We are interested in how the innate immune system first detects evading pathogens and the mechanisms in place to prevent autoimmunity. The innate immune system is a phylogenetically ancient defense mechanism that is present in all multicellular organisms and has evolved a limited set of nonclonal, germ-line encoded pathogen recognition receptors (PRRs) to sense evading pathogens. Each of these receptors is specialized in detecting one type of pathogen-associated (PAMP) or damage-associated molecular pattern (DAMP). Nucleic acids, such as DNA or RNA, which are used by any organism to carry genetic information, can serve as PAMPs and are one of the most important classes of molecules recognized by our immune system. However, nucleic acids are not limited to pathogens, but also present within the host. This blurs the lines between self and non-self-discrimination and puts host nucleic acids at risk of being recognized by innate immune sensors, which can lead to autoimmune and autoinflammatory diseases. Here we aim to understand how these immune receptors recognize specific nucleic acids together with their sophisticated strategies to overcome self-recognition. From an evolutionary perspective, we are interested in how these immune receptors have adapted to recognize a particular ligand and what signaling mechanisms are present to fine-tune the immune response across evolution to match the species-specific pathogen burden.

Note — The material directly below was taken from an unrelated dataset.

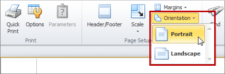 • To choose the Landscape or Portrait orientation, on the ribbon, in the Page Setup group, click Orientation, and then click required orientation.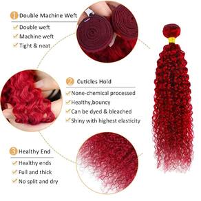 - 1. Cabelo humano encaracolado crespo vermelho: mechas de cabelo humano brasileiro não processado. Feixes de cabelo humano cacheados crespos.

Our group focuses on a recently discovered new family of nucleic acid sensing proteins including the DNA sensing pathway cGAS–STING as well as the RNA sensing pathway OAS1–RNase L. Upon sensing pathogenic double-stranded DNA, cyclic GMP–AMP synthase (cGAS) catalyzes the production of cyclic 2′–5′ GMP 3′–5′ AMP (2′3′-cGAMP) from common nucleotide triphosphate precursors ATP and GTP. 2′3′-cGAMP is recognized by the adaptor protein Stimulator of Interferon Genes (STING) and triggers a signaling cascade leading to the production of type I interferons and pro-inflammatory cytokines. Oas proteins recognize dsRNA instead and upon recognition can produce the linear second messenger 2'-5'-oligo adenylate (2'-5'OA) of varying length from ATP. This linear nucleotide second messenger can then activate the downstream restriction factor RNase L responsible for cellular as well as viral RNA cleavage leading to the inhibition of protein synthesis and apoptosis limiting viral spread.